## Task directions
For the data below, restate word for word only the lines from the line containing "Podczas warsztaów seniorzy" through the line containing "Proti domu je", both ends included.

## Listed records
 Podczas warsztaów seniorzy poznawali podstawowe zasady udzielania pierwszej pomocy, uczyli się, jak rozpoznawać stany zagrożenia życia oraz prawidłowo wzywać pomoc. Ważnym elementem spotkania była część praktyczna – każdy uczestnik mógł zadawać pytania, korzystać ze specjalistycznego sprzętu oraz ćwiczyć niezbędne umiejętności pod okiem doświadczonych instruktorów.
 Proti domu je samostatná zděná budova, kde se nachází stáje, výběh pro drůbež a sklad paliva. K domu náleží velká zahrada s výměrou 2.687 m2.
==
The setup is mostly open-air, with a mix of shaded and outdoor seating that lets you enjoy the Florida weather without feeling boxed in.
...
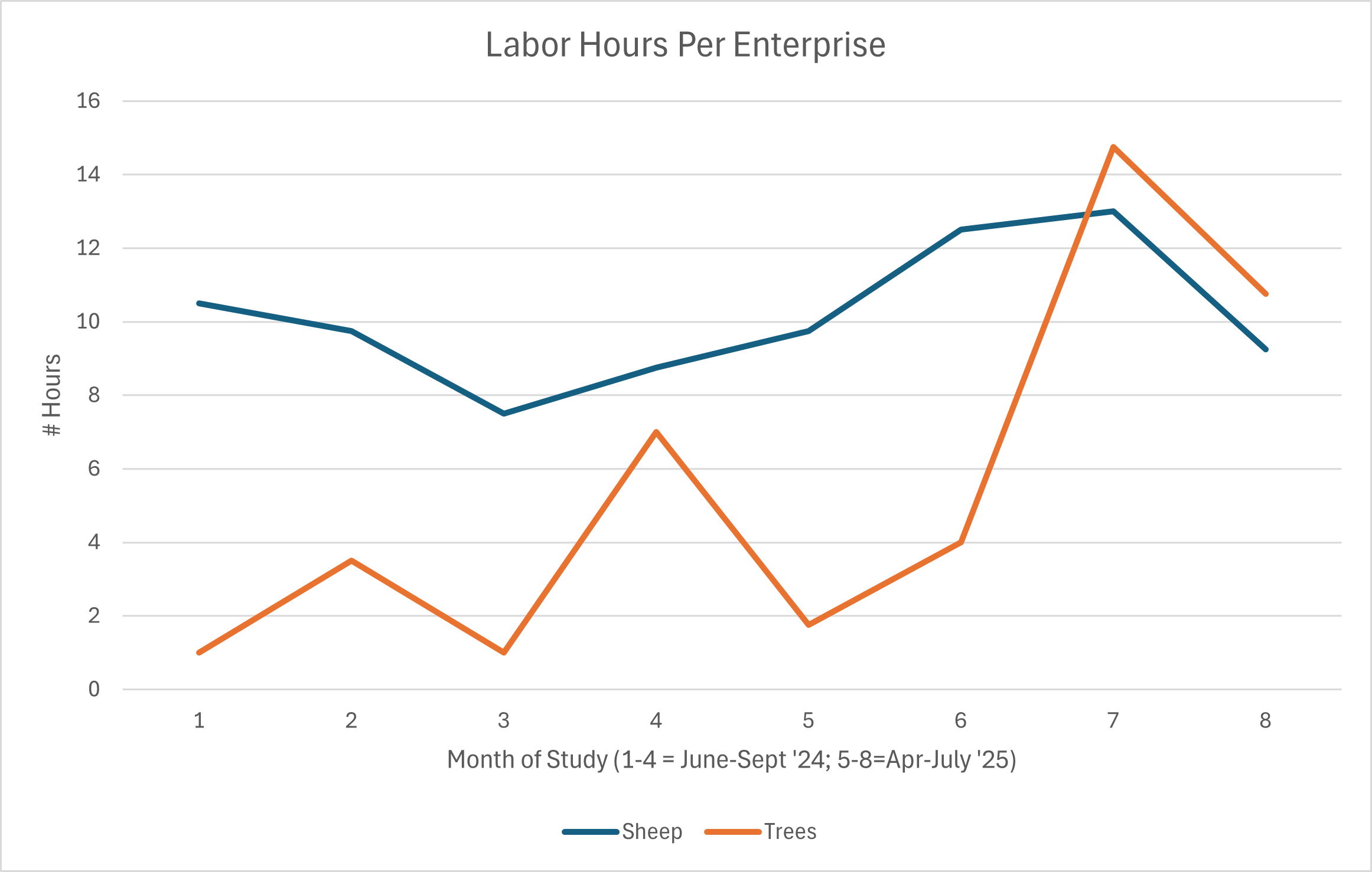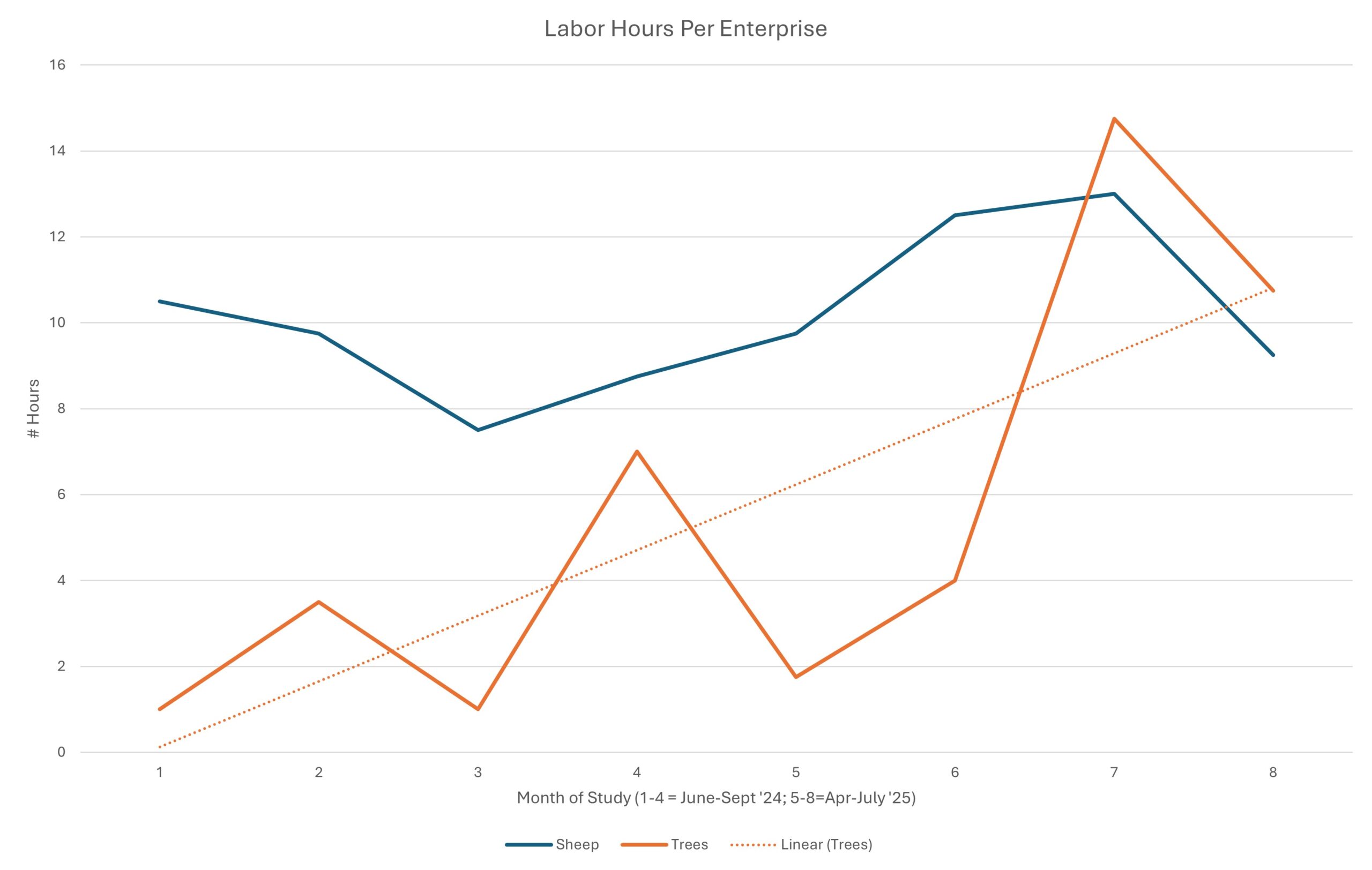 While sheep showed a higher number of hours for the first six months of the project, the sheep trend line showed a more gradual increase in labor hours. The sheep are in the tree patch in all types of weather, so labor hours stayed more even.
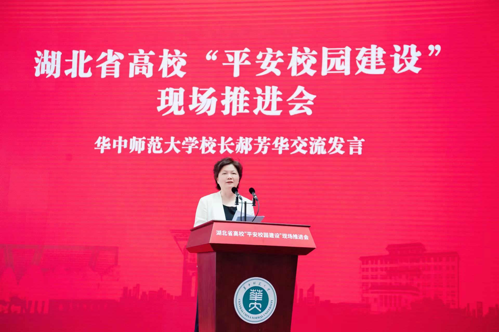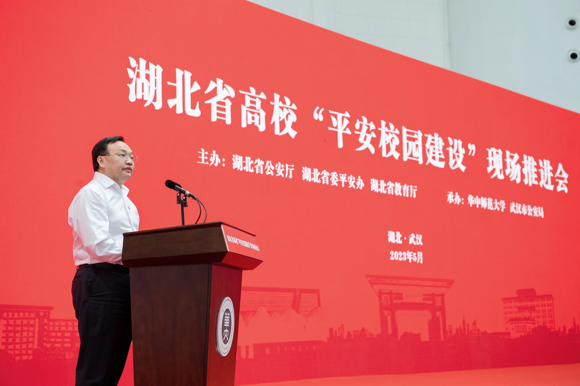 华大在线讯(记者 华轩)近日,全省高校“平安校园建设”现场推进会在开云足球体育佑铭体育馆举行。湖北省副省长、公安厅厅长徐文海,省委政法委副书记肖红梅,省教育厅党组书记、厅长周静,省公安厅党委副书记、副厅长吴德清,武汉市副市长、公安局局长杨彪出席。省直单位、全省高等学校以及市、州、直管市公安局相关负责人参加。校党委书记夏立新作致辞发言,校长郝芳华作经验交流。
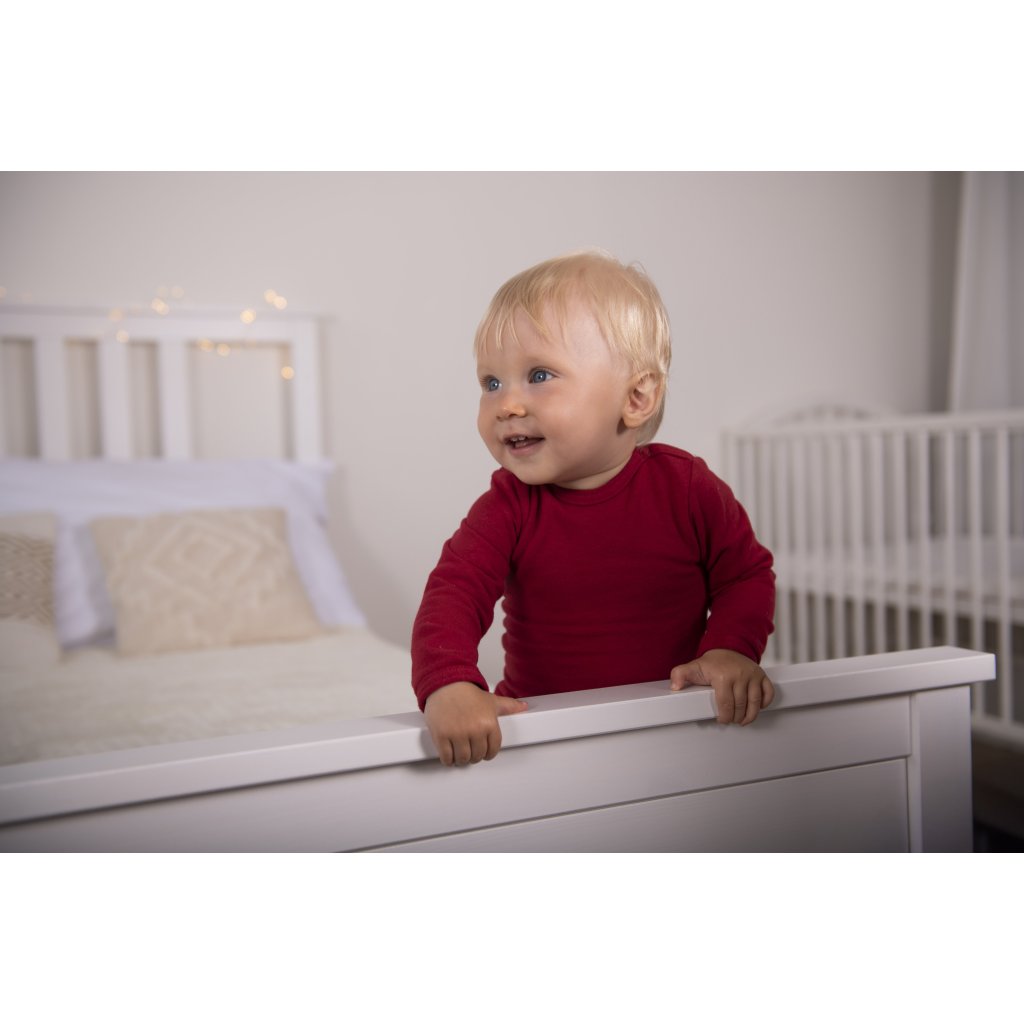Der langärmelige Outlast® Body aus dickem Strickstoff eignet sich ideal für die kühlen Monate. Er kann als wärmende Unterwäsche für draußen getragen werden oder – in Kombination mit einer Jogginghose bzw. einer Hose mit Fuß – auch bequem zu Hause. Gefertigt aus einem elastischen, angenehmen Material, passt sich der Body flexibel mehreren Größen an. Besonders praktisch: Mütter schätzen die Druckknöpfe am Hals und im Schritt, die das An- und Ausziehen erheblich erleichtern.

## Exercise solution
 Podczas warsztaów seniorzy poznawali podstawowe zasady udzielania pierwszej pomocy, uczyli się, jak rozpoznawać stany zagrożenia życia oraz prawidłowo wzywać pomoc. Ważnym elementem spotkania była część praktyczna – każdy uczestnik mógł zadawać pytania, korzystać ze specjalistycznego sprzętu oraz ćwiczyć niezbędne umiejętności pod okiem doświadczonych instruktorów.
 Proti domu je samostatná zděná budova, kde se nachází stáje, výběh pro drůbež a sklad paliva. K domu náleží velká zahrada s výměrou 2.687 m2.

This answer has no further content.